Padang, Arunala -- Persoalan adanya baliho pasangan calon Gubernur dan Wakil Gubernur Sumbar yang jadi sorotan sejumlah warga karena ada tanda gambar paku yang mencolok di salah satu paslon di baliho itu, ditanggapi KPU Sumbar.

Bahkan KPU mengaku persoalan baliho yang disorot warga itu juga sudah menjadi pembicaraan KPU Sumbar.

"Untuk langkah kami selanjutnya, tentu ada mekanismenya, karena kemarin kami melakukan pengadaan alat peraga kampanye (APK), dan bahan kampanye yang difasilitasi KPU, kan melalui mekanisme rapat," kata Ketua KPU Sumbar yang baru Yanuk Sri Mulyani saat diwawancari Arunala.com di KPU Sumbar, Senin sore (9/11).

Baca Juga

Jadi kemarin, lanjut dia, untuk desain-desain yang berasal dari pasangan calon (paslon) ditetapkan dan ditandatangani sama mereka, kemudian difasilitasi KPU.

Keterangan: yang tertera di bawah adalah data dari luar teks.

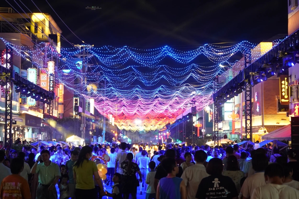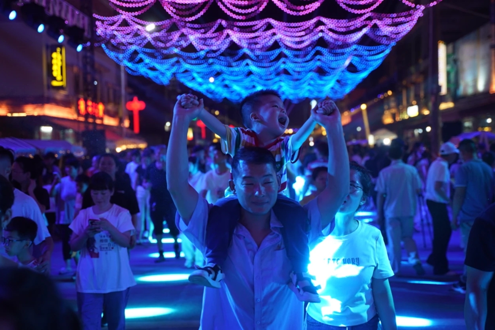 市民攜家?guī)Э谠谏虡I(yè)街欣賞燈光秀。

Dan ternyata, jelas dia, memang seperti apa yang disampaikan kawan-kawan media bahwa ada baliho yang difasilitasi oleh KPU itu seolah-olah mengarahkan.

"Ini untuk mekanisme semacam itu, akan kami bahas di dalam rapat lagi terkait persoalan itu (baliho) dan kami sudah agendakan kapan rapat itu akan kami lakukan," sebut Yanuk.

Saat ditanya apakah baliho paslon cagub dan cawagub yang difasilitasi KPU itu apakah semuanya dicetak seperti baliho yang dipertanyakan warga atau hanya sebagian saja dari total baliho yang dicetak?

Untuk hal ini, Yanuk menjelaskan baliho yang difasilitasi KPU itu, desainnya dari paslon/tim paslon masing-masing yang kemudian diserahkan ke KPU.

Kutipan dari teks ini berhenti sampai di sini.